Extracted data:

━━━━━━━━━━

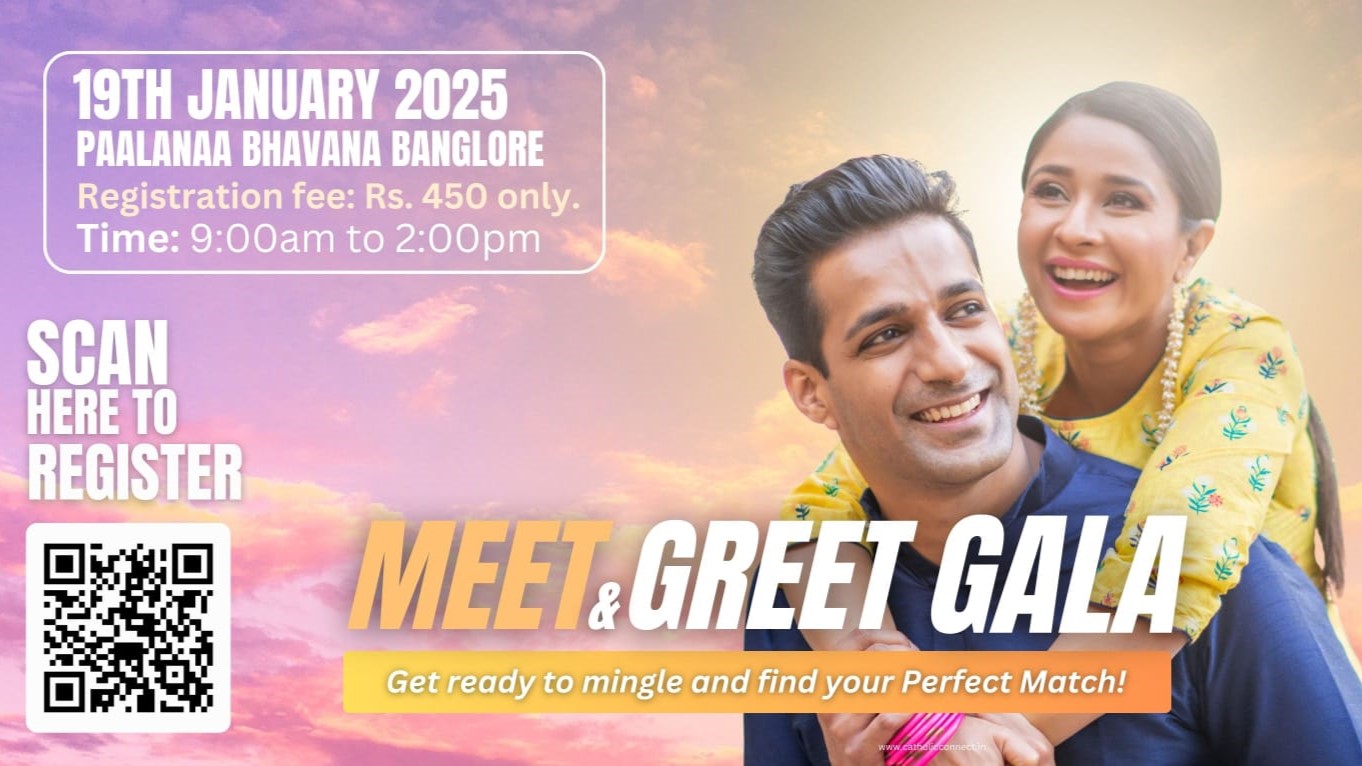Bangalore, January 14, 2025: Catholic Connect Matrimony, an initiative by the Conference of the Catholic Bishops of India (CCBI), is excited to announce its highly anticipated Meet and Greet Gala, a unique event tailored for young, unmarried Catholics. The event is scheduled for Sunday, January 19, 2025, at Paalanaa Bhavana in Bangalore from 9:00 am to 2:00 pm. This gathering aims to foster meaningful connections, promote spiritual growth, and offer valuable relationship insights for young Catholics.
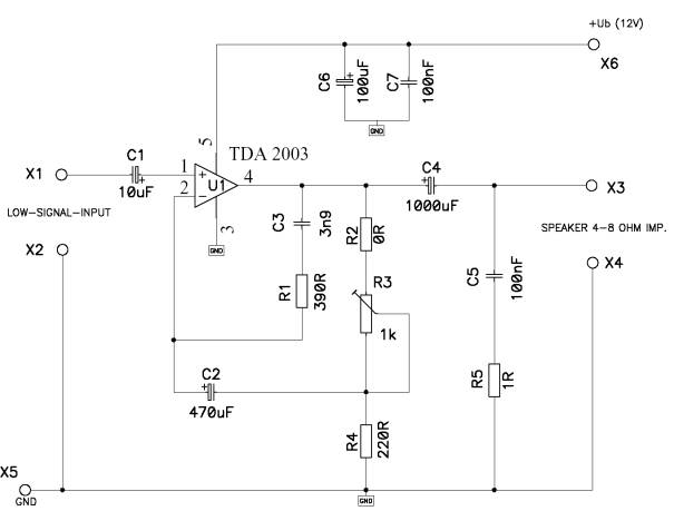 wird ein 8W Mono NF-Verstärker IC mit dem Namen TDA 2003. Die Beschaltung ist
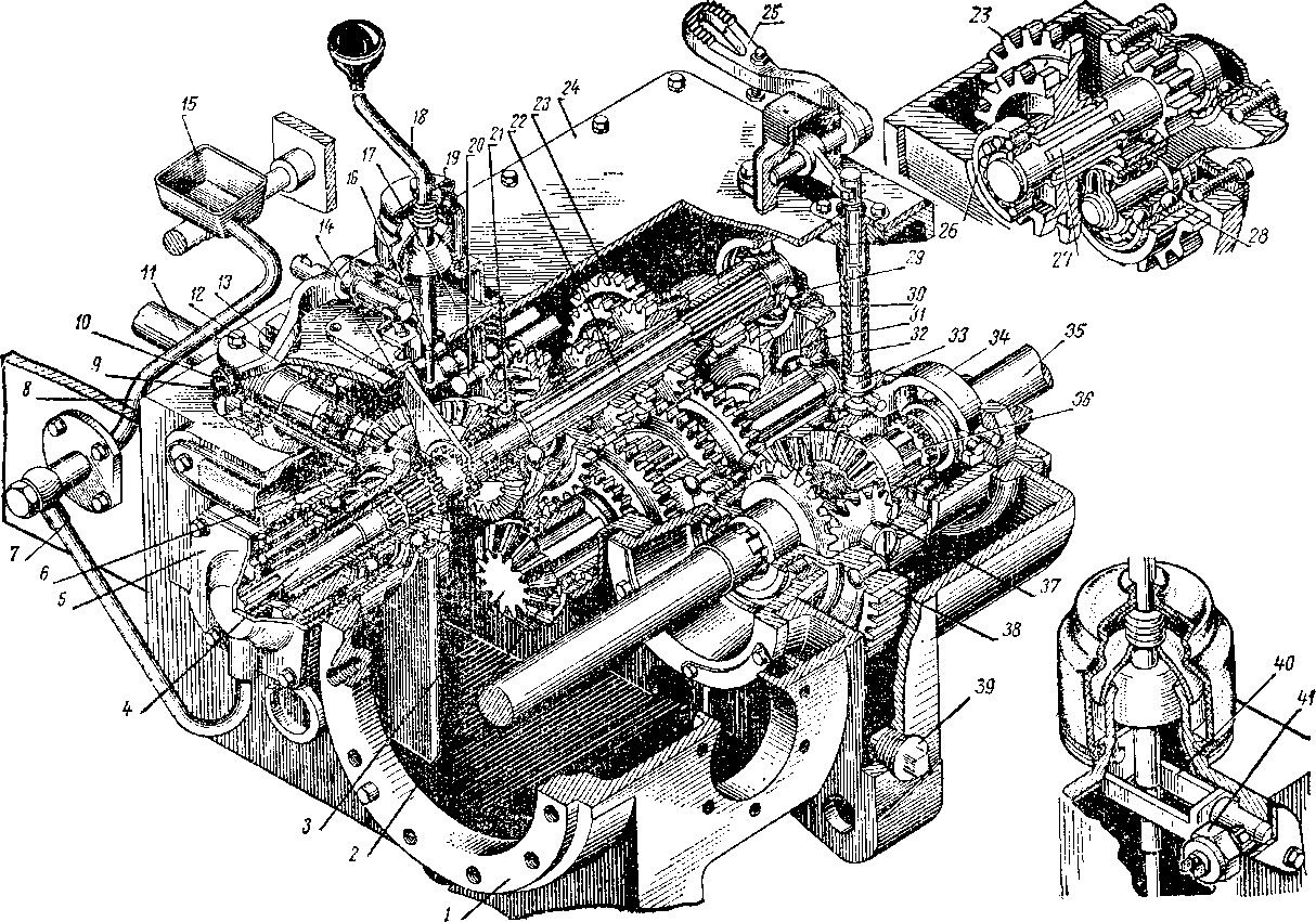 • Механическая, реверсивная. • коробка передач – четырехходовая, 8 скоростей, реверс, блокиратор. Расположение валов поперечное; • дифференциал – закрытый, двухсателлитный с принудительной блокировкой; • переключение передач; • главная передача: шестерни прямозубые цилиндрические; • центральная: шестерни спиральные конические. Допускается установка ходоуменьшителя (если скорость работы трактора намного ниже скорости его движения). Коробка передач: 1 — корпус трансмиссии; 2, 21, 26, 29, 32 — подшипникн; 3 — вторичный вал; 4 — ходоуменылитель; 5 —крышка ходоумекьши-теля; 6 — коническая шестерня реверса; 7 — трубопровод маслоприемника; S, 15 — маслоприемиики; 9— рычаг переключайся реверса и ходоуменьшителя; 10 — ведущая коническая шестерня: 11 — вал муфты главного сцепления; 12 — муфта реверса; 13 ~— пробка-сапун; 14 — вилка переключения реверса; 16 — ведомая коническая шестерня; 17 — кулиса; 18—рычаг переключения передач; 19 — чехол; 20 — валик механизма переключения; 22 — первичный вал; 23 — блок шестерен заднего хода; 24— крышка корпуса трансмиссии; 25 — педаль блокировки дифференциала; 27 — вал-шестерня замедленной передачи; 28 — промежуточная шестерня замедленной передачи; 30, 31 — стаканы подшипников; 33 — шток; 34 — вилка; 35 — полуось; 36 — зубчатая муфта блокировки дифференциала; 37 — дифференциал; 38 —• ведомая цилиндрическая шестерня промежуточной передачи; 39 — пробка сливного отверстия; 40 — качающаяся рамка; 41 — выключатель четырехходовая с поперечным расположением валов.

━━━━━━━━━━

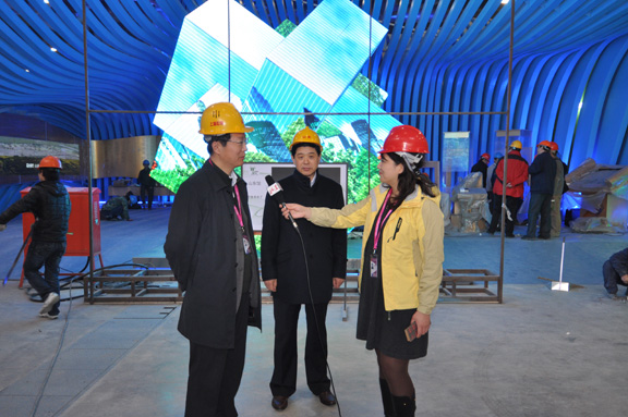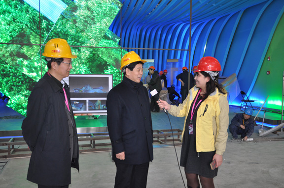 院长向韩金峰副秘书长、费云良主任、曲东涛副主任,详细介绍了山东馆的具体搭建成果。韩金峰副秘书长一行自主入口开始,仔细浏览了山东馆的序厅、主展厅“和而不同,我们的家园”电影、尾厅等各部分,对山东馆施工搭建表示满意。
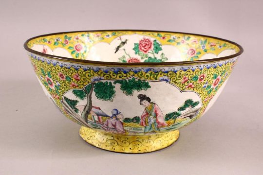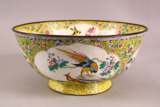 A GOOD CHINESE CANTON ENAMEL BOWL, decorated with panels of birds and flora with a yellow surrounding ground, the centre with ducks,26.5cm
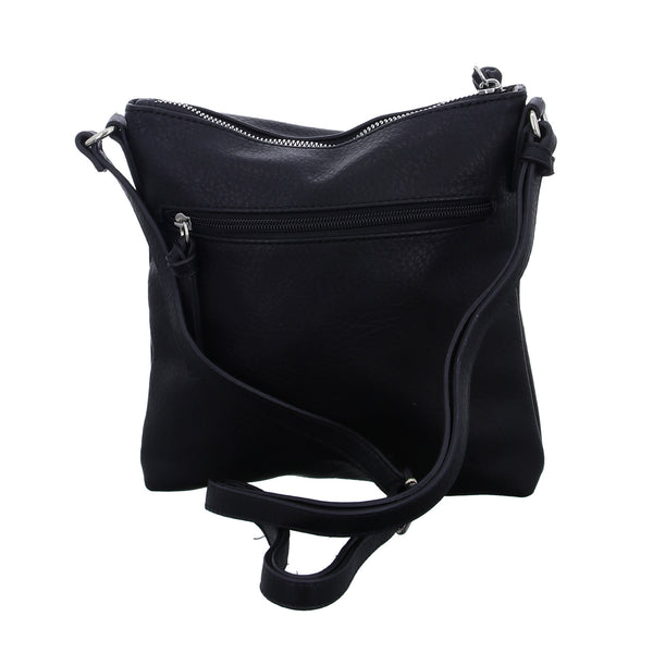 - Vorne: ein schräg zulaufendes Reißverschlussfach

━━━━━━━━━━

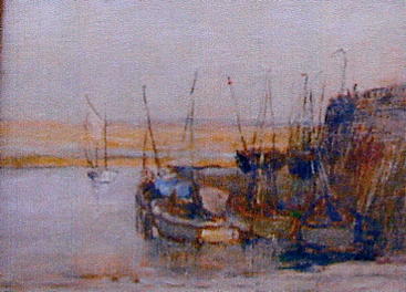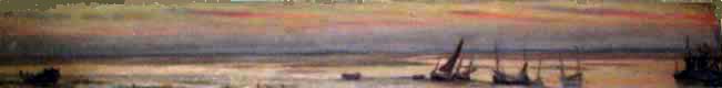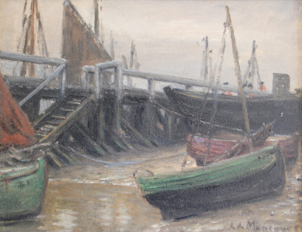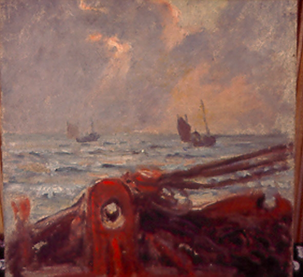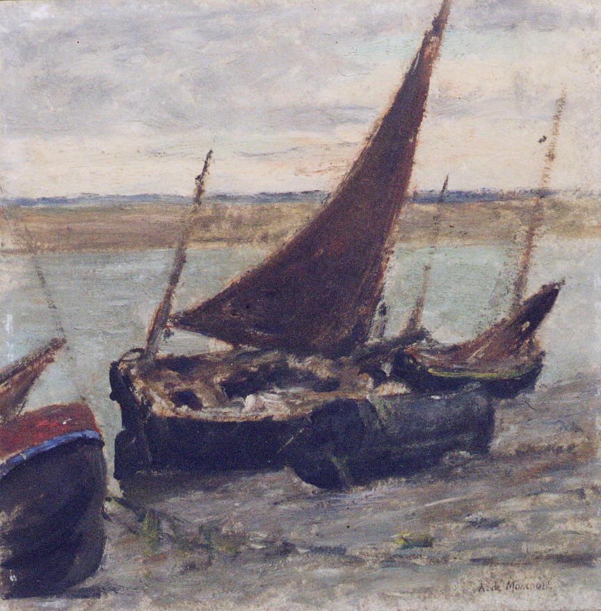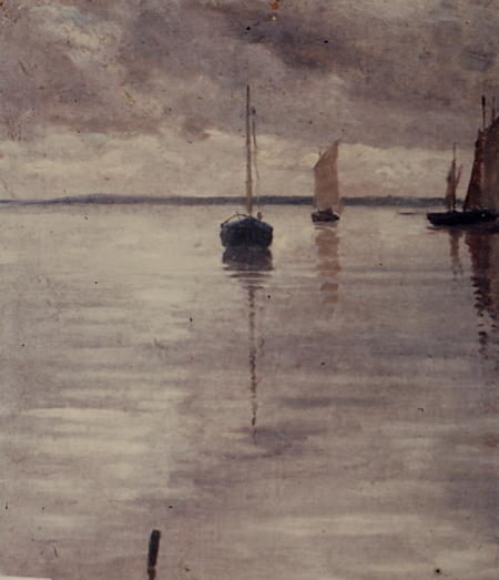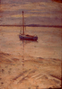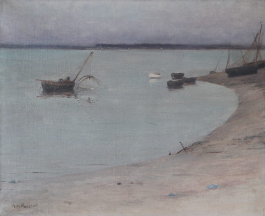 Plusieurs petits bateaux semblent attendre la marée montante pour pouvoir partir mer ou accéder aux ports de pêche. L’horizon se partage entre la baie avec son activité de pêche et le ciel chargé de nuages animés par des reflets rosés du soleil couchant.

━━━━━━━━━━

The problem: Set down exactly the lines above, from the line containing "A GOOD CHINESE" through the line containing "- Vorne: ein". Skip the pictures.

Task result:
 A GOOD CHINESE CANTON ENAMEL BOWL, decorated with panels of birds and flora with a yellow surrounding ground, the centre with ducks,26.5cm
 - Vorne: ein schräg zulaufendes Reißverschlussfach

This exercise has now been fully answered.